From a visitor's point of view, cities like Shanghai and Beijing seem recognisably modern. There are roads, traffic lights, shiny tall buildings, cafes, and sophisticated people who do not look 'communist' shopping in malls and talking on mobile phones. Of course visitors understand the need for 'cross-cultural communication' — we know we must be alert to proper seating arrangements during business dinners at round banquet tables, we mustn't squirm when offered dog or pig testicles, and we should never stick out chopsticks straight into our rice. We appreciate that this is how Chinese people do business and show hospitality.

We tend to presume that underneath the surface-level differences, Chinese people are more or less the same as us. The reading of surface-level signs according to our own norms, like the apparently Western toilets at Beijing airport in 1999, also occurs when we try and explain and interpret Chinese politics and behaviour. One example is the way political structures and activities are described. Xi Jinping is described as 'the President', so we ascribe to him the same roles and responsibilities as Barack Obama. Li Keqiang is the 'Prime Minister', the State Council is China's cabinet, and so on. This translation and simplification, a bid to understand how China works, ultimately impairs our ability to see it for how it is, rather than just another version of how we are.

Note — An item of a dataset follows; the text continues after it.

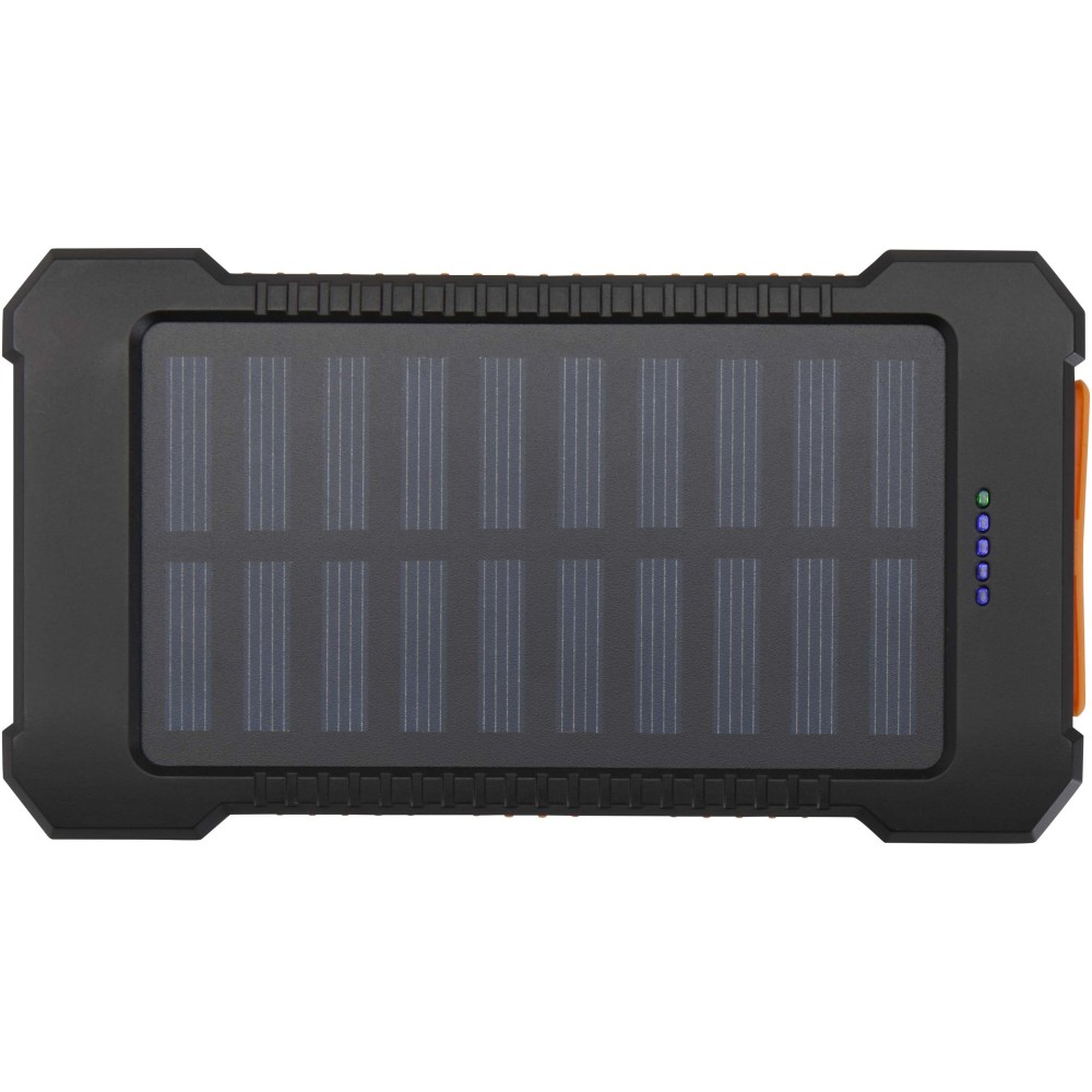 Az Altair 5000 mAh-s napelemes powerbank újrahasznosított műanyagból készül, tartósságra és kényelmes használatra tervezve. Két USB-A kimeneti porttal és egy Type-C bemenet/kimenettel rendelkezik, így rugalmas töltési lehetőségeket kínál. Masszív külső borítása és levehető csíptetője megkönnyíti a rögzítést, beépített zseblámpája pedig praktikus kiegészítő. A csatlakozók szilikon fedél mögött biztonságosan elhelyezve találhatók, a napelemes töltés funkció és az állapotjelző LED pedig ideálissá teszi szabadtéri kalandokhoz és utazásokhoz. Emblémázás: Tamponnyomás

When I talk to expats who want to leave, they cannot precisely pinpoint why. Often it is a general sense of malaise, lost hope, tiredness and disappointment. The new leadership under Xi boosted their optimism for a while. Xi seems so human and charismatic, with an elegant wife who accompanies him to things — far more familiar and comprehensible than Hu Jintao's Weekend at Bernie's style. People wondered whether this might be the beginning of the beginning. Would we at last see the dynamism released that we knew was just under the surface? Would the highly publicised anti-corruption campaign mean genuine political reform?

No. What we have seen instead under Xi s a tightening of power and authority, albeit in sophisticated and highly modern ways. Censorship is certainly not loosening, and many of the Chinese people I speak to think this is a good thing, if sometimes a bit annoying. Xi has taken hold of more elements of power than anyone since Deng Xiaoping, if not Mao Zedong. The Chinese state is not rolling back from people's lives, and even the exciting news that the market will be allowed to play a greater role should not be misunderstood. Private enterprises are still tightly entwined in the party-state structure, with a view to being even more so in the future. The Chinese model of power is nothing if not adaptable and pragmatic. 

That is not to say that expats are giving up because the state hasn't been overthrown; many expats wonder if there isn't something to be said for how things are done in China. It seems to suit China. But after a certain amount of time, people who haven't been socialised in that system find it simply too strange, too alien. Ultimately, the fact that it looks kind of familiar just makes the discomfort more acute.

I should note of course that this is all an outsider's perspective, and may not reflect the average Chinese person's point of view. Many rural poor are far more optimistic. They have seen their lives improved greatly over the past three decades. The growing urban middle class is also fairly content. The extremely poor and the extremely wealthy are, perhaps, a little more circumspect — there must be some reason the elite are scrambling to put their wealth overseas, and arrange for citizenship and passports from Western countries.

But on the whole, the Chinese population does not seem dissatisfied enough to contemplate overthrowing the system. So it would be a good idea for us to try to really understand it.